- _PROBLEM REQUIREMENTS_
For any picture in the lines below, please leave it out and copy the rest exactly.

- _DATASET EXCERPT_
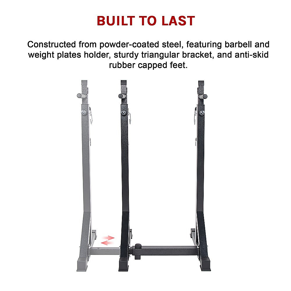 This adjustable squat rack is designed for athletes and fitness enthusiasts to enhance their weight training routines. It provides a sturdy and reliable support for barbell exercises, helping to prevent injuries and promote strength development. The stand features adjustable height settings to accommodate different workout needs and preferences, ensuring a safe and effective training experience.
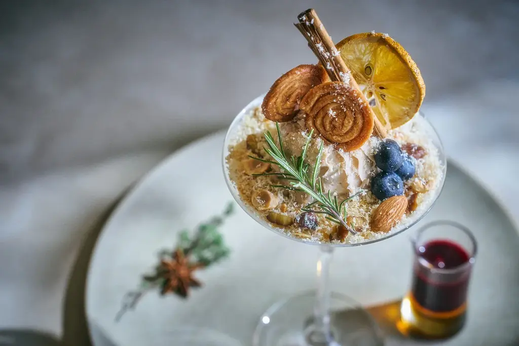Montblanc Snow Parfaitは、米粉や豆乳クリームなど植物由来の食材を中心に、食感と味わいのバランスを重視して設計されています。グラスの中は、紅茶のジュレやラムレーズン、米粉クランブルなど複数の層で構成され、温度差や歯触りのコントラストによって一口ごとに異なる印象が得られるようになっています。
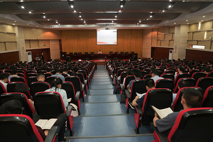 6月2日下午,党委副书记、院长李震以“深刻把握并自觉运用习近平新时代中国特色社会主义思想的世界观和方法论”为题,在会议中心二楼报告厅讲授主题教育专题党课。专题党课由党委委员、组织部部长钱锐主持。

- _FINAL ANSWER_
 This adjustable squat rack is designed for athletes and fitness enthusiasts to enhance their weight training routines. It provides a sturdy and reliable support for barbell exercises, helping to prevent injuries and promote strength development. The stand features adjustable height settings to accommodate different workout needs and preferences, ensuring a safe and effective training experience.
Montblanc Snow Parfaitは、米粉や豆乳クリームなど植物由来の食材を中心に、食感と味わいのバランスを重視して設計されています。グラスの中は、紅茶のジュレやラムレーズン、米粉クランブルなど複数の層で構成され、温度差や歯触りのコントラストによって一口ごとに異なる印象が得られるようになっています。
 6月2日下午,党委副书记、院长李震以“深刻把握并自觉运用习近平新时代中国特色社会主义思想的世界观和方法论”为题,在会议中心二楼报告厅讲授主题教育专题党课。专题党课由党委委员、组织部部长钱锐主持。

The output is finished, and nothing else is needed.